Cheryl was pulling on my arm. Pulling me away from Vicar. And I let her.

She said, “Isn’t it good to be home?”

Her voice was shaky, like she wasn’t sure of the answer. And I said, “Yeah, yeah, it is.” And she kissed me hard. I grabbed her in my arms and lifted her up and carried her to the bedroom. I put a big grin on my face, but it didn’t help. She looked a bit scared of me, then. I guess all the wives were probably a little bit scared.

And that was my homecoming. It was fine, I guess. Getting back feels like your first breath after nearly drowning. Even if it hurts, it’s good.
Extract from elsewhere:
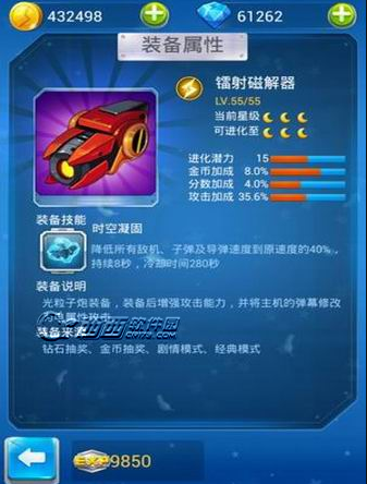 镭射磁解器为光粒子炮装备,装备后可以增强战机攻击能力。镭射磁解器在攻击力,分数金币等方面的加成上也有不俗的表现,且可通过副本掉落,商城购买,抽奖等渠道获得,是可轻松入手又实力强劲的性价比装备。
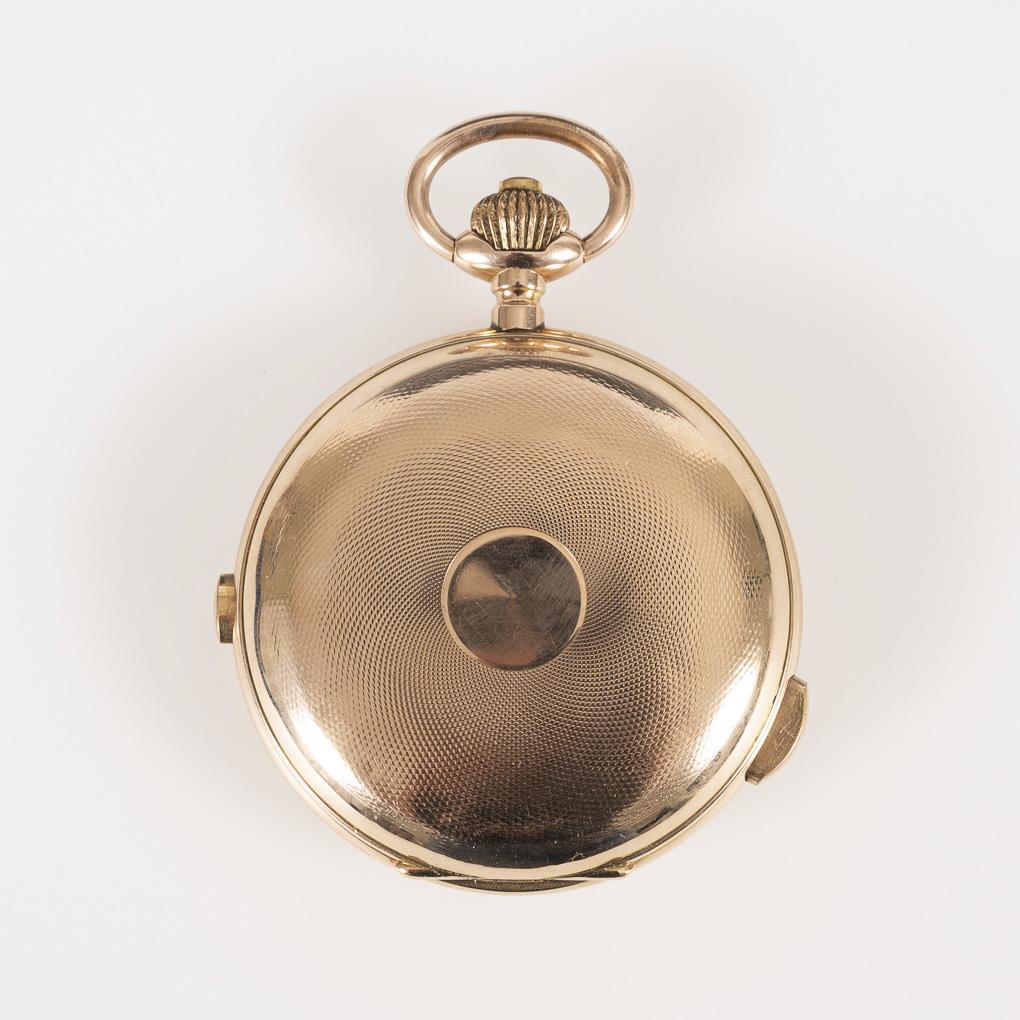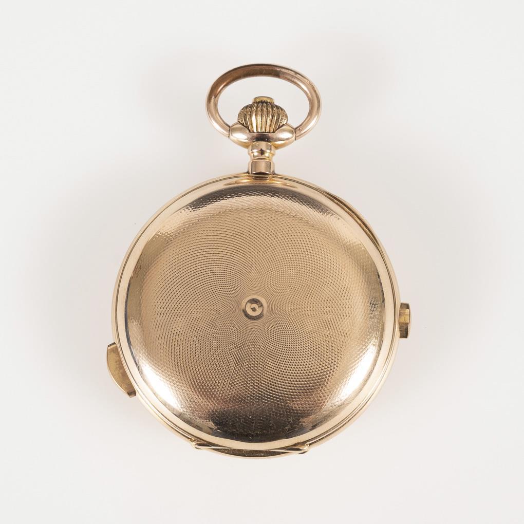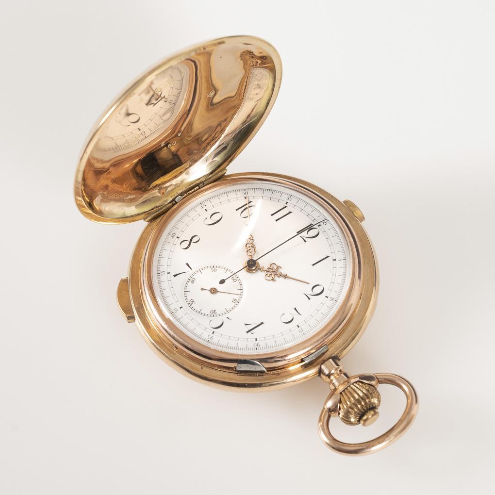 Goldene Savonnette mit Viertelstundenrepetition und Stoppuhr.

I can’t complain. Cheryl handled it well. I saw Lance Corporal Curtis’s wife back in Jacksonville. She spent all his combat pay before he got back, and she was five months pregnant, which, for a Marine coming back from a seven-month deployment, is not pregnant enough.

Corporal Weissert’s wife wasn’t there at all when we got back. He laughed, said she probably got the time wrong, and O’Leary gave him a ride to his house. They get there and it’s empty. Not just of people, of everything: furniture, wall hangings, everything. Weissert looks at this shit and shakes his head, starts laughing. They went out, bought some whiskey, and got fucked up right there in his empty house.